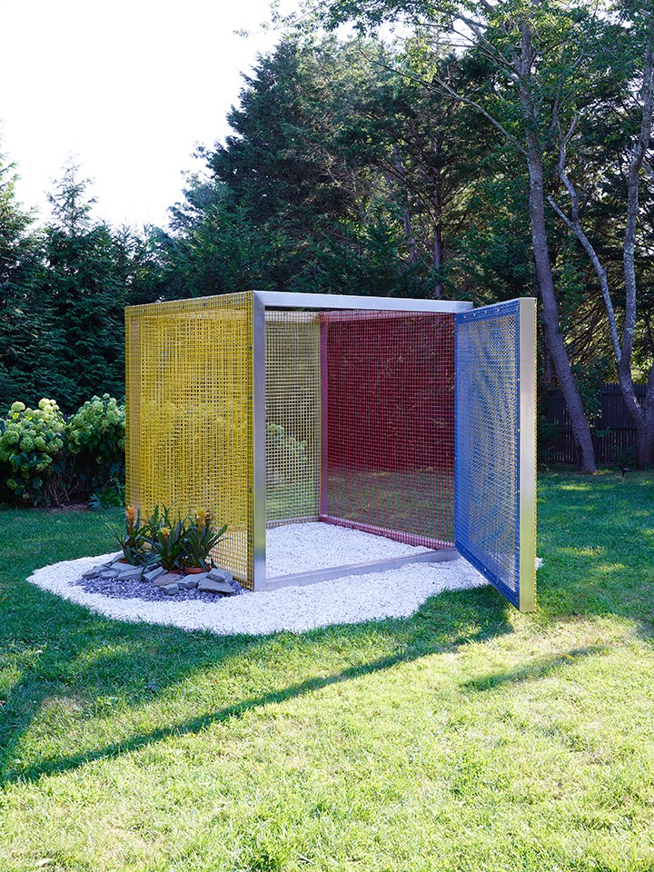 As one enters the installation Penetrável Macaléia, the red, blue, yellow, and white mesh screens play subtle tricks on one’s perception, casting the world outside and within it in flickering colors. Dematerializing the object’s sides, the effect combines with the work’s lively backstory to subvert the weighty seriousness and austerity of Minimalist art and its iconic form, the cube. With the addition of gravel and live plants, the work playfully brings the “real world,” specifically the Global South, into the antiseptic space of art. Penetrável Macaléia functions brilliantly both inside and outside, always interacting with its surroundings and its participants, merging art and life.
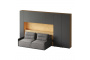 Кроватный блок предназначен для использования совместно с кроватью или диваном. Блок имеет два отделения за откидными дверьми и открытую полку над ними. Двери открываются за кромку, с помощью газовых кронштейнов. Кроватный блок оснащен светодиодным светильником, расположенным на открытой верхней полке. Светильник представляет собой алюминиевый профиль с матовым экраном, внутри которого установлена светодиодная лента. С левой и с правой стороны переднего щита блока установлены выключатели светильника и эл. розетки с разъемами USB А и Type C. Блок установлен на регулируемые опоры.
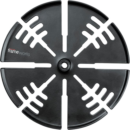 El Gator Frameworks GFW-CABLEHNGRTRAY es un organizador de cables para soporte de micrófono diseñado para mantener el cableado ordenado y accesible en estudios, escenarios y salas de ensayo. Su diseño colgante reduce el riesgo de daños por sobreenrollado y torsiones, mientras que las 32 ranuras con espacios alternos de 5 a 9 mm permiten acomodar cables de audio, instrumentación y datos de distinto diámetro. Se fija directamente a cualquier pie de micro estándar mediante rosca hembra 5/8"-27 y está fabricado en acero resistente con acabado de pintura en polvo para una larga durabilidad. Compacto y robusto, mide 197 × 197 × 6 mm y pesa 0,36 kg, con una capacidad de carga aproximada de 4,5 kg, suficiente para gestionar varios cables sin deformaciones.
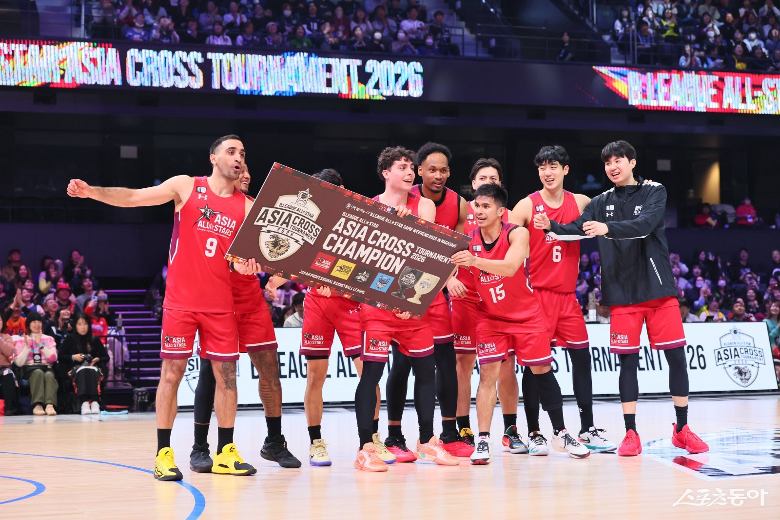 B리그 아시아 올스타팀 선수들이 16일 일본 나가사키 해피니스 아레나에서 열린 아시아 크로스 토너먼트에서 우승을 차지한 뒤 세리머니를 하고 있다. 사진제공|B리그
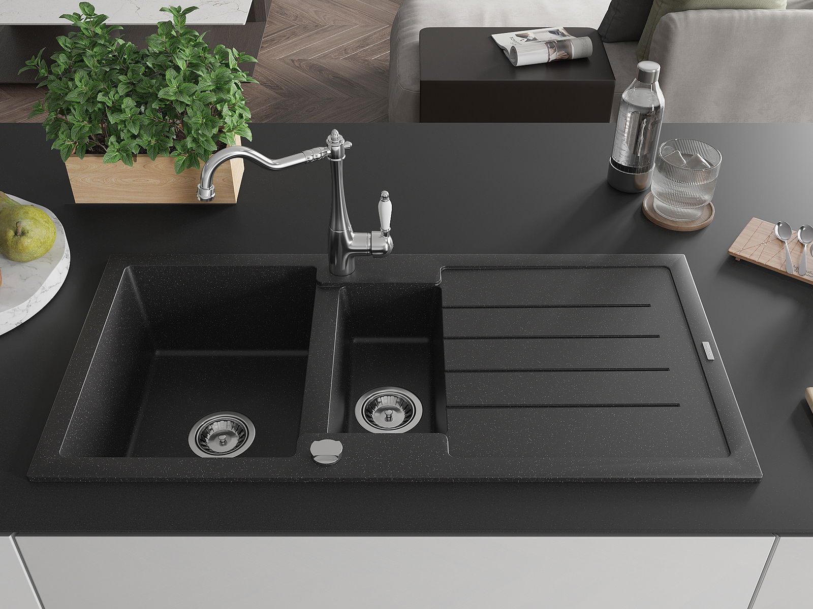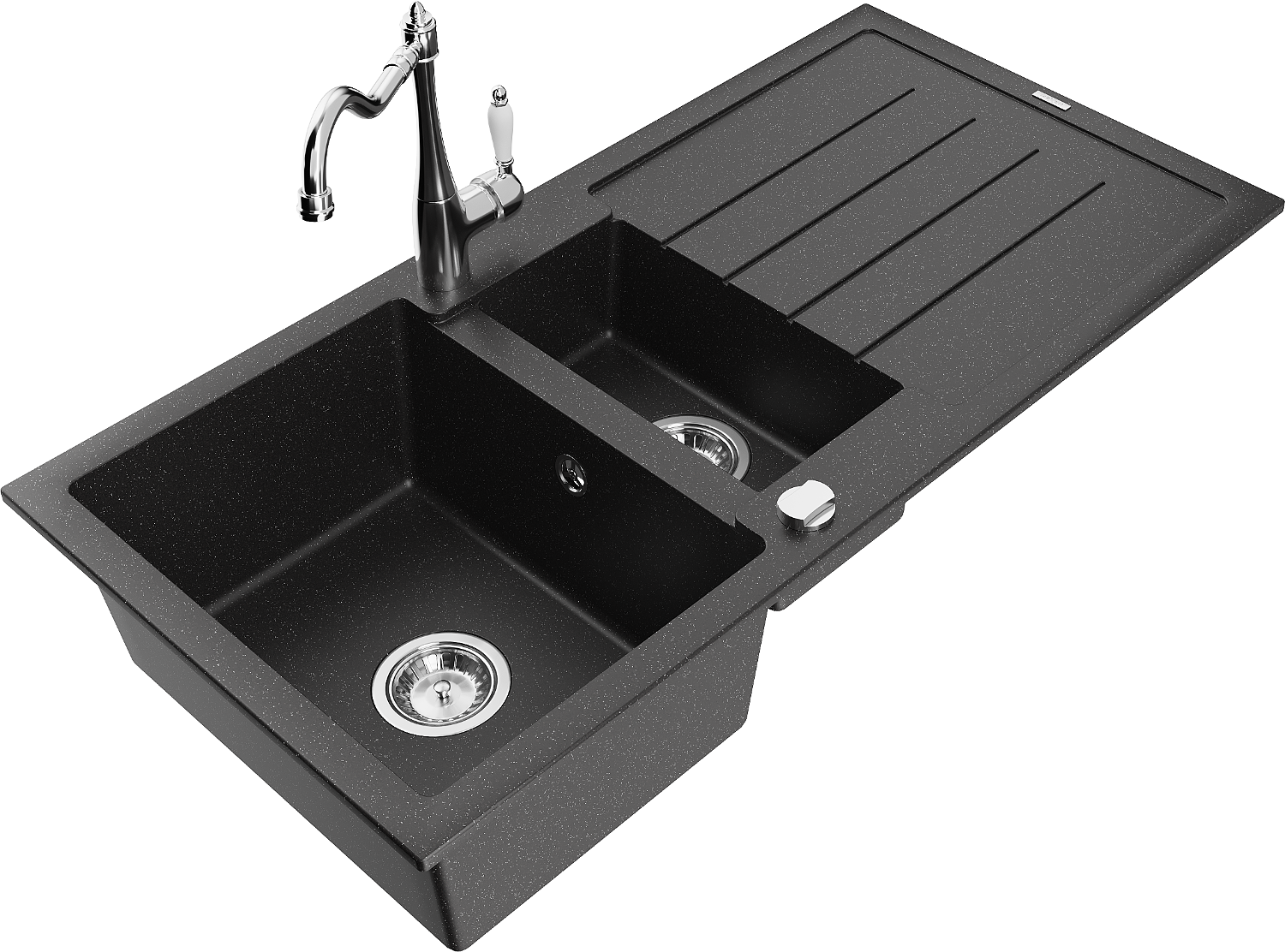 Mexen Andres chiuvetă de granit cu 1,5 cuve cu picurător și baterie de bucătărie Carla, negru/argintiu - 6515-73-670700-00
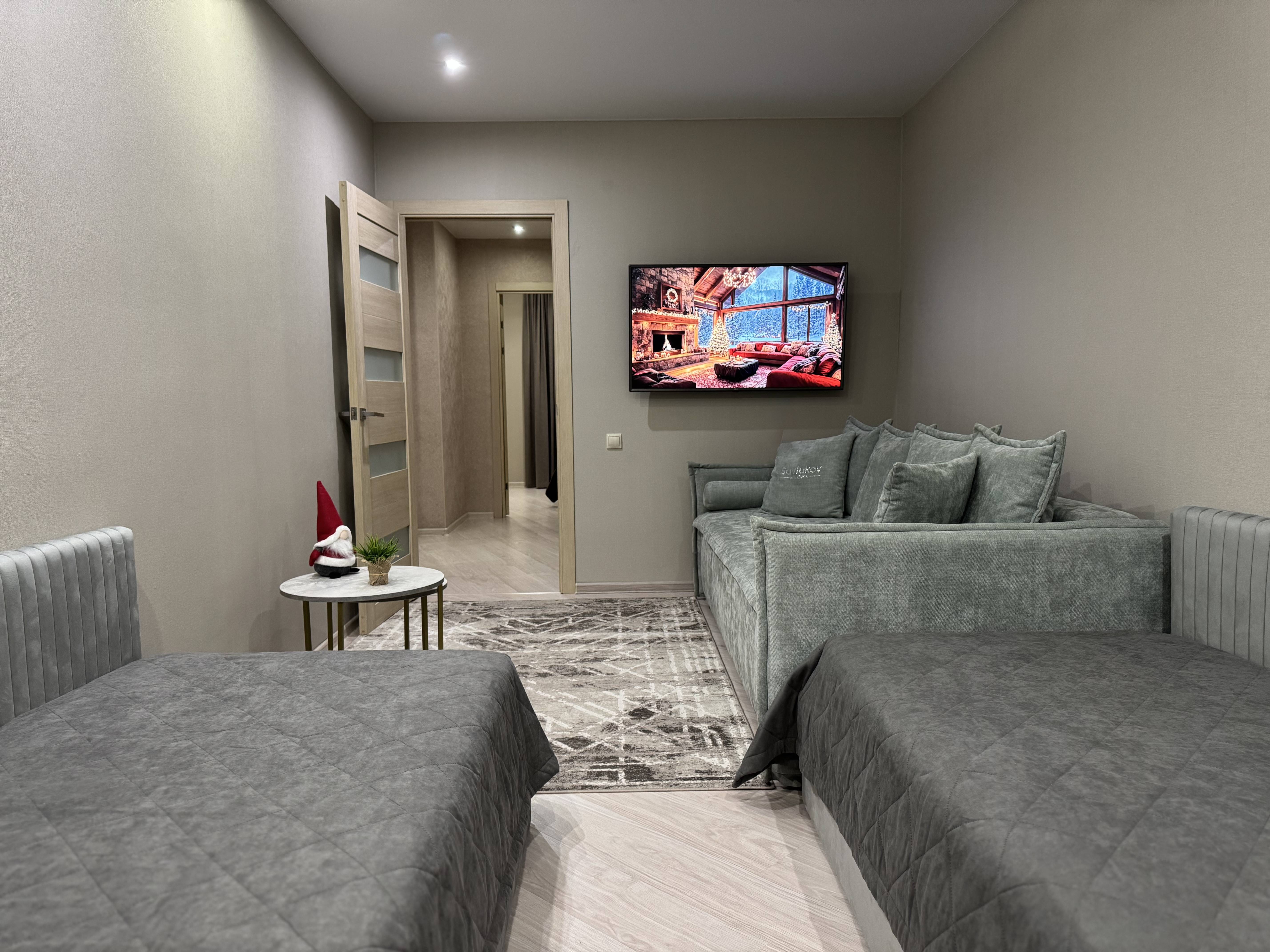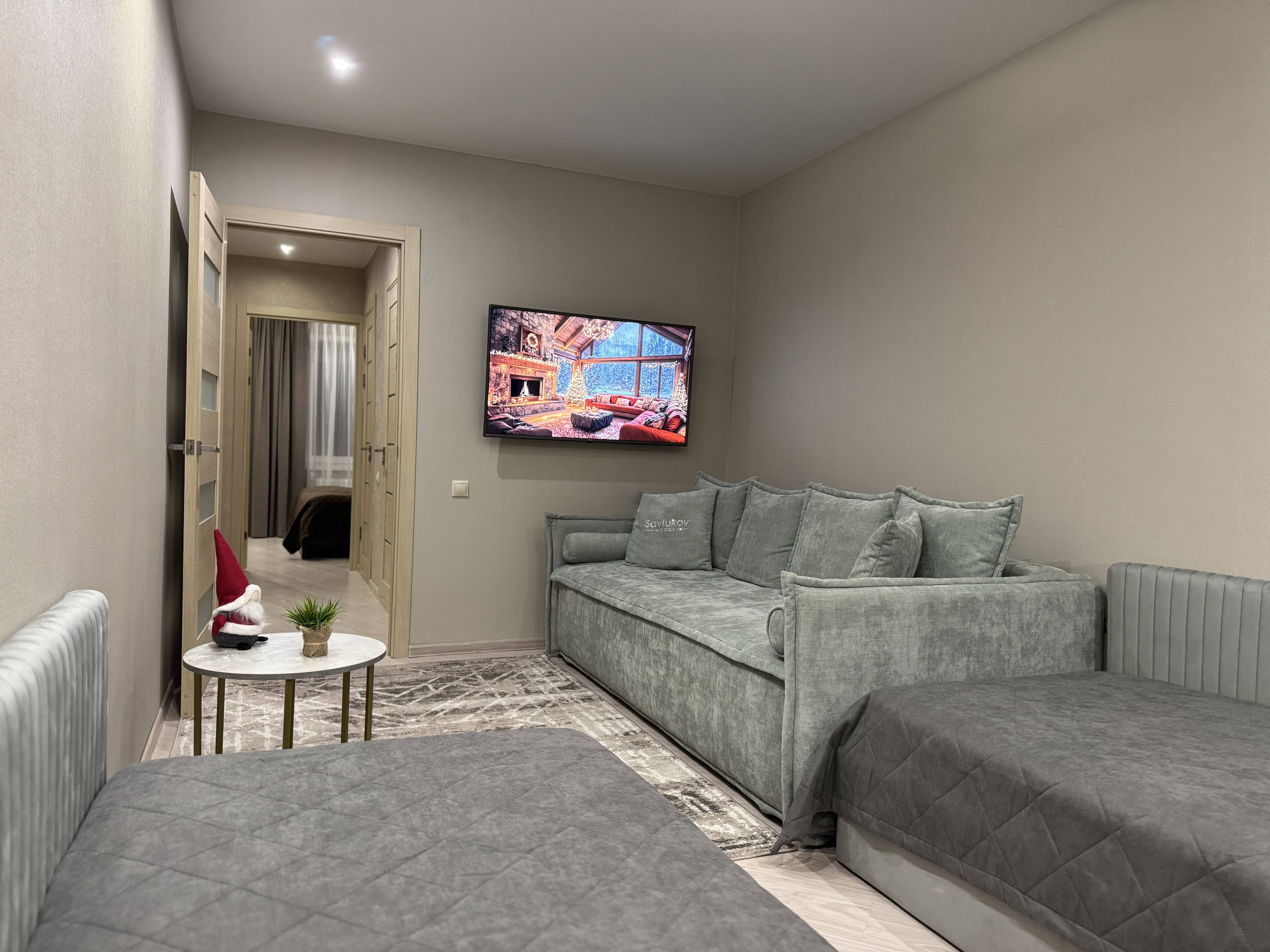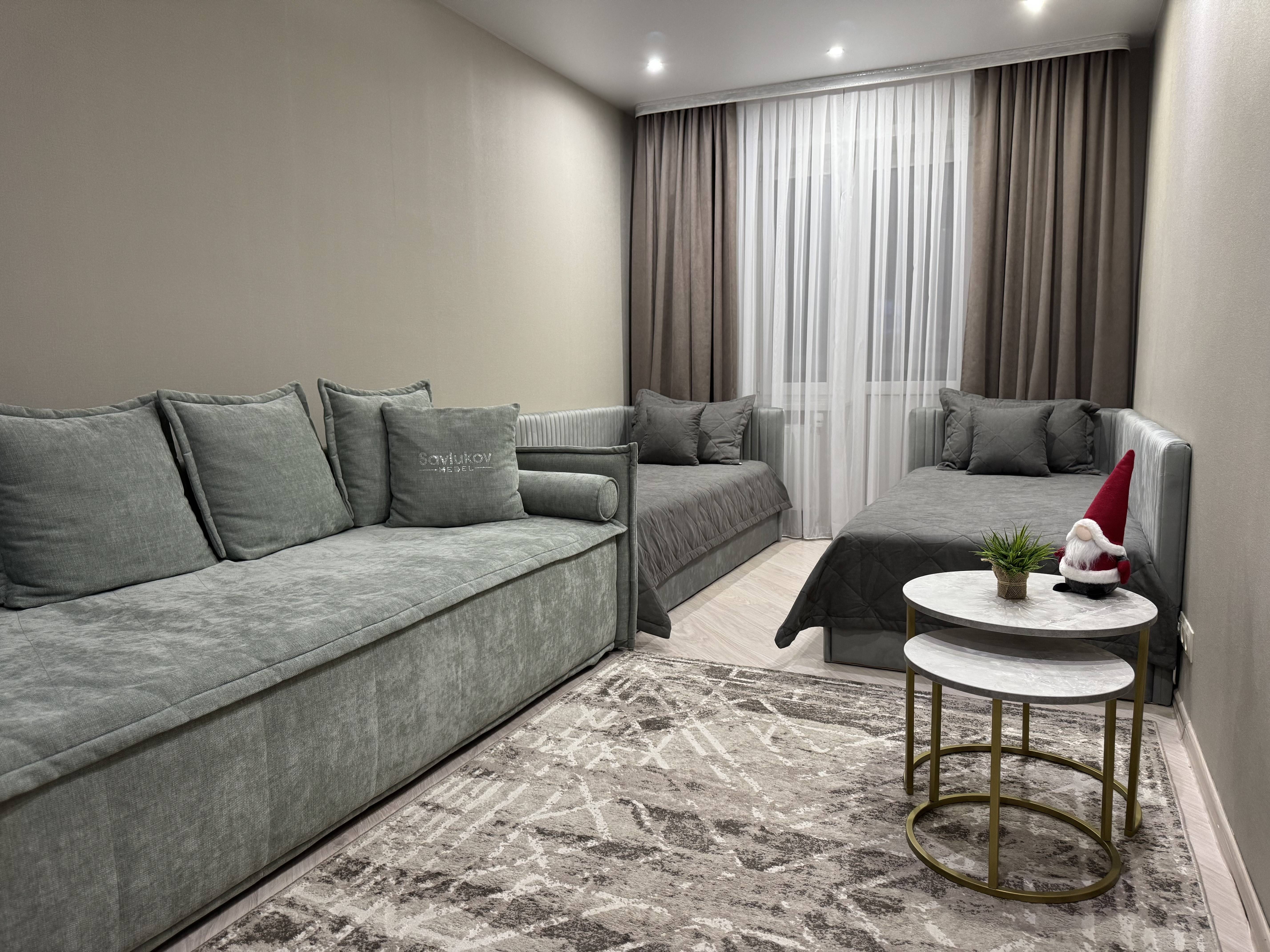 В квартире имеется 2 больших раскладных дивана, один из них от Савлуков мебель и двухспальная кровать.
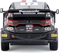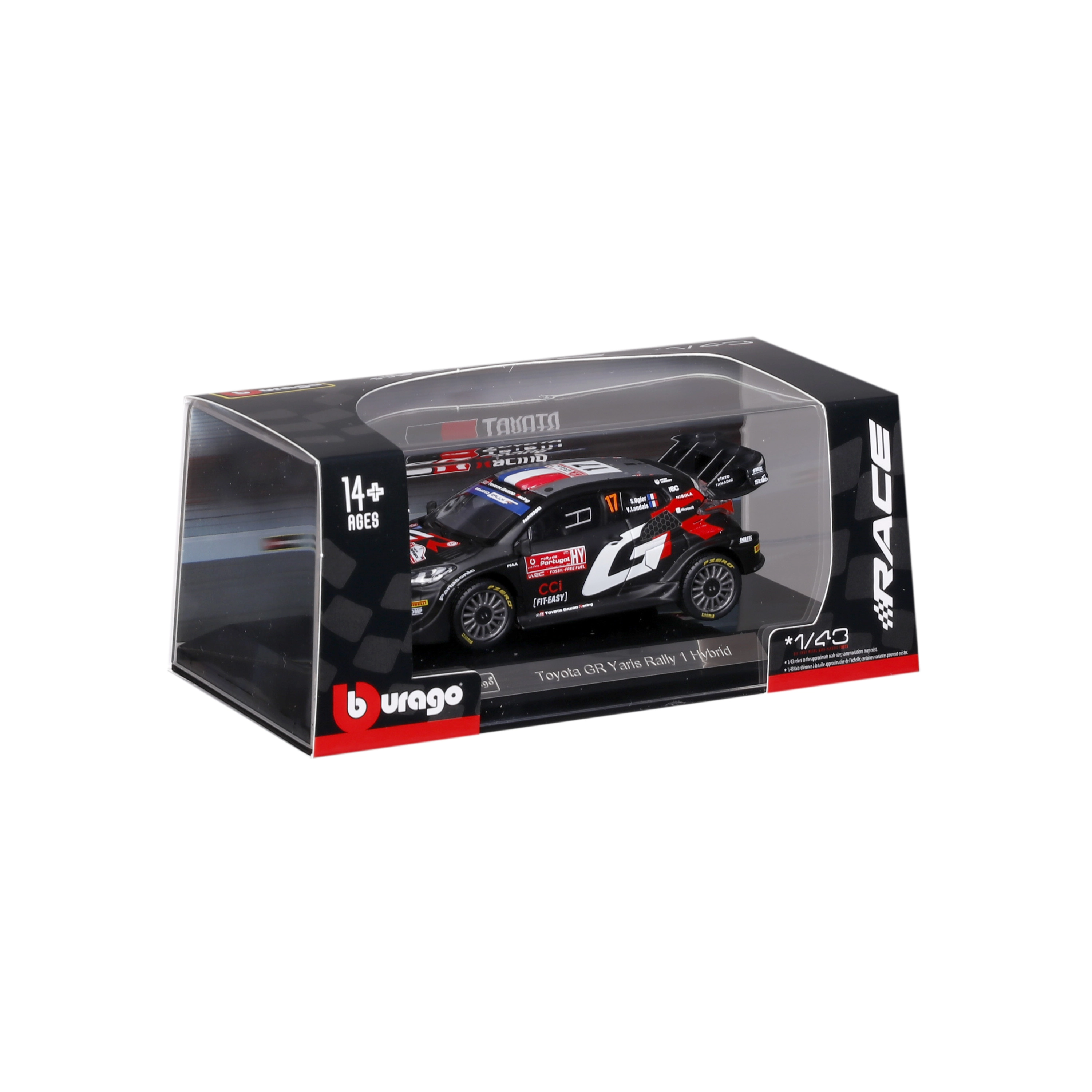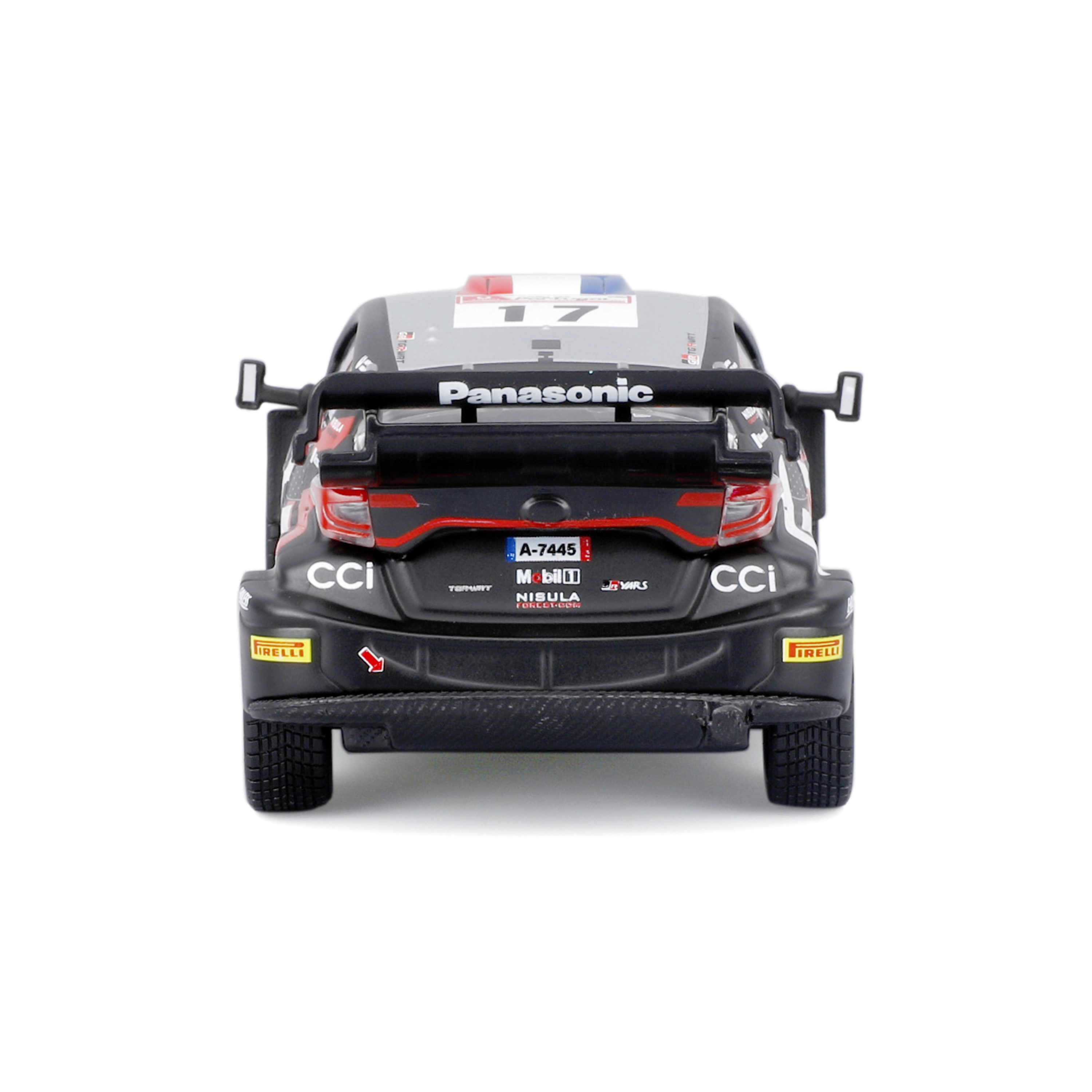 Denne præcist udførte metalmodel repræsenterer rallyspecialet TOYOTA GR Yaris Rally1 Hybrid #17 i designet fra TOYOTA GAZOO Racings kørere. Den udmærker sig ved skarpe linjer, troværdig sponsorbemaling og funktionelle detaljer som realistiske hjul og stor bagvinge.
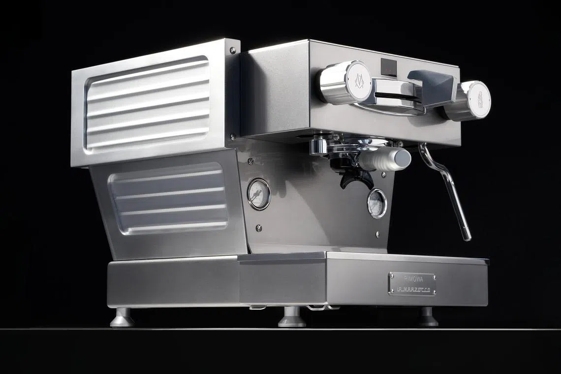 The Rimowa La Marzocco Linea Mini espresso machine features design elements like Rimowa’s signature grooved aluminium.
══════════════════════════════
* **EXERCISE DETAILS**:
Your reply should give again exactly the lines from the one with "Mexen Andres chiuvetă" through the last line of the data, with both ends included and pictures left out.

* **RESULT FOR THIS EXERCISE**:
 Mexen Andres chiuvetă de granit cu 1,5 cuve cu picurător și baterie de bucătărie Carla, negru/argintiu - 6515-73-670700-00
 В квартире имеется 2 больших раскладных дивана, один из них от Савлуков мебель и двухспальная кровать.
 Denne præcist udførte metalmodel repræsenterer rallyspecialet TOYOTA GR Yaris Rally1 Hybrid #17 i designet fra TOYOTA GAZOO Racings kørere. Den udmærker sig ved skarpe linjer, troværdig sponsorbemaling og funktionelle detaljer som realistiske hjul og stor bagvinge.
 The Rimowa La Marzocco Linea Mini espresso machine features design elements like Rimowa’s signature grooved aluminium.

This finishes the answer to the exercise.